Competitive advantage can be represented visually as 1 or more feedback loops. These create the advantage “flywheel” that maintain and grow a moat over time. Think of a big, heavy wheel that takes some effort to get started but then coasts off its own momentum.
Before continuing, check out Eric Jorgenson’s primer on the flywheel mental model here.
Here are 6 simple examples of common advantages represented as flywheels (or “causal loops” in systems terminology). These loops are generalized — they’ll be expressed uniquely in every company that has them.
A few examples of how each advantage flywheel can vary:
- In the Economies of Scale flywheel above, the primary driver of more volume is low prices. This fits for most consumer businesses, but lower prices aren’t always the outcome of lower unit costs. If prices are maintained or increase, scale will yield higher margins → more resources to spend on growth → more sales volume.
- The Brand Habit flywheel exhibits the typical loop for habit-reinforcing association of a brand with a specific quality or job-to-be-done. Think “thirst quenching happiness” for Coca-Cola and “low prices” for Wal-Mart. Another example of brand advantage is more of a social proof effect: Product has success → the cool kids want it → improved perception of product → …
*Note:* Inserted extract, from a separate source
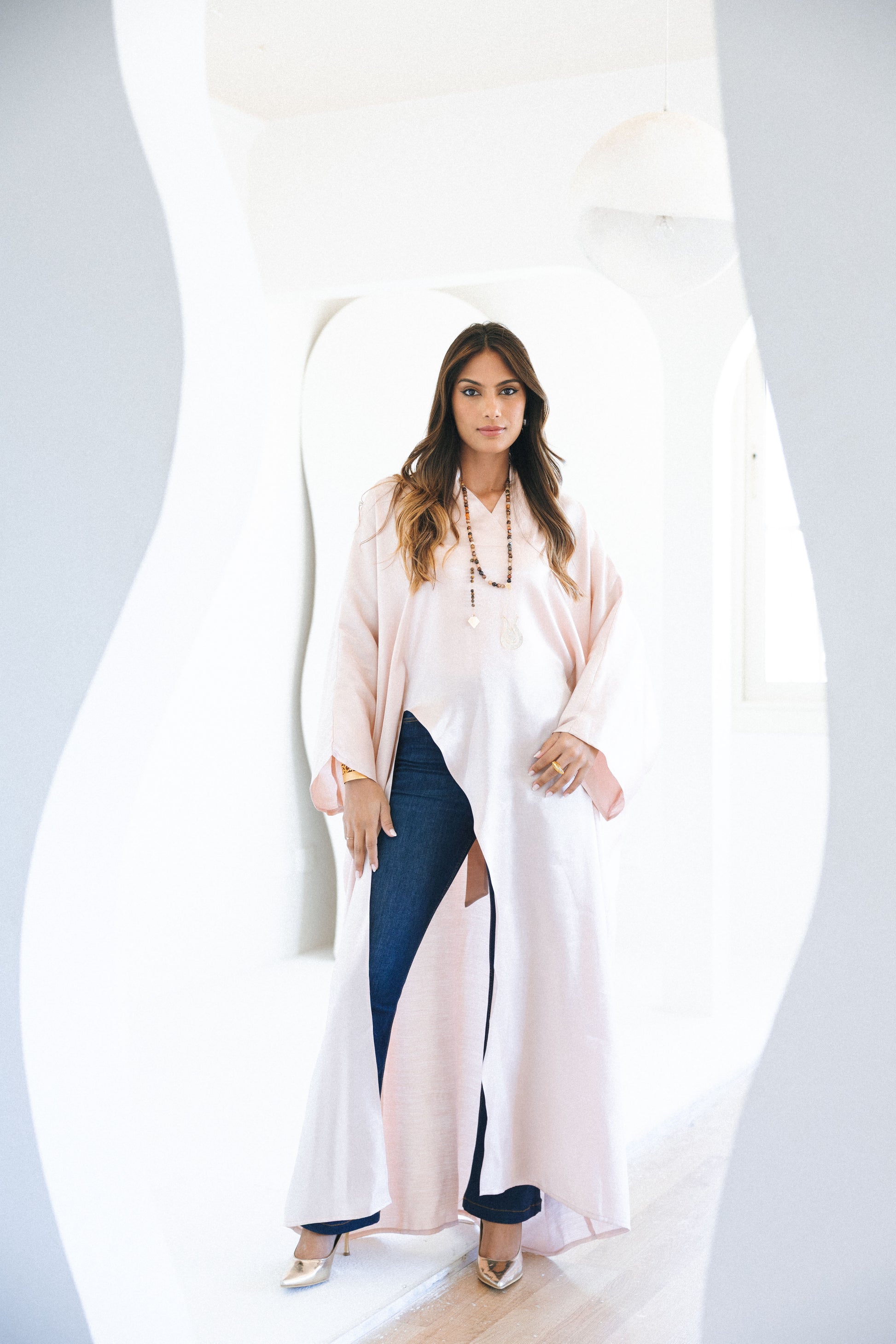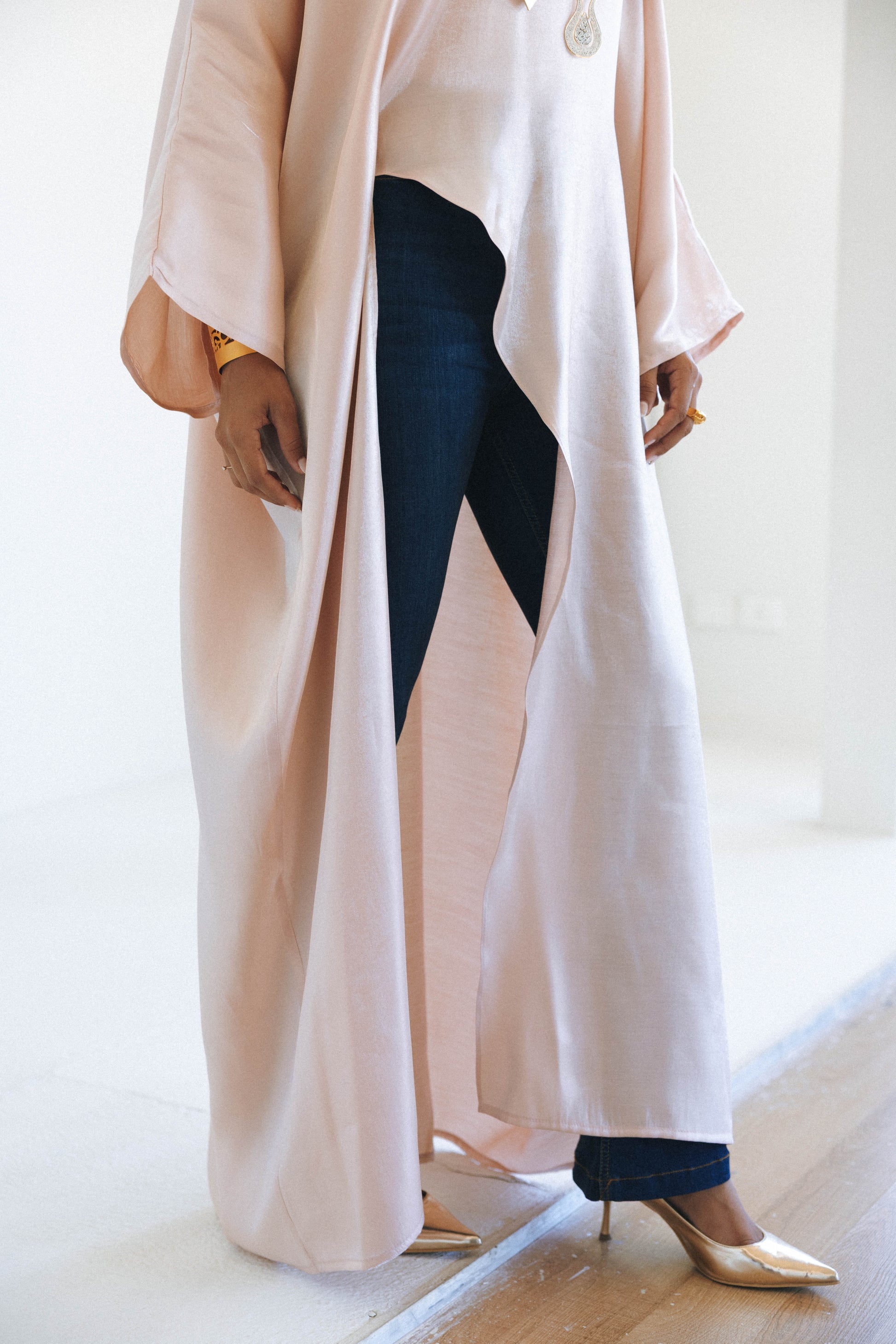 A fluid satin-finish kaftan designed for effortless elegance. Featuring wide sleeves and a relaxed silhouette, this piece drapes beautifully with every movement. The rich colors tone adds a refined statement, ideal for elevated daywear or evening styling.

As Eric discussed in his flywheel post, each wheel needs a push to get started. Written in green on a few of the archetypes above are initial advantages to get the wheels moving. Whether it’s a better user experience, a technical breakthrough, or a bootstrapped network based off of an existing network (college campuses for FB) or a useful utility (Instagram).
Real world examples
The above archetypes can be combined to create more comprehensive flywheels modeling the driving “engines” of each company’s moat:
The most successful moats have multiple flywheels that feed off of each other’s momentum. Google’s technical advantages enable stronger brand allegiance and vice versa. Coca-Cola’s marketing-driven brand feeds off of it’s distributor/bottler based network effects. Facebook’s brands have at least 3 reinforcing network effects: direct (social network), 2-sided aggregator (advertising and developers), and brand-driven social proof.
Friction and limiting factors
In systems thinking, reinforcing feedback loops are almost always slowed by a balancing loop attached to it. Growth doesn’t continue unchecked, and flywheels always run into friction.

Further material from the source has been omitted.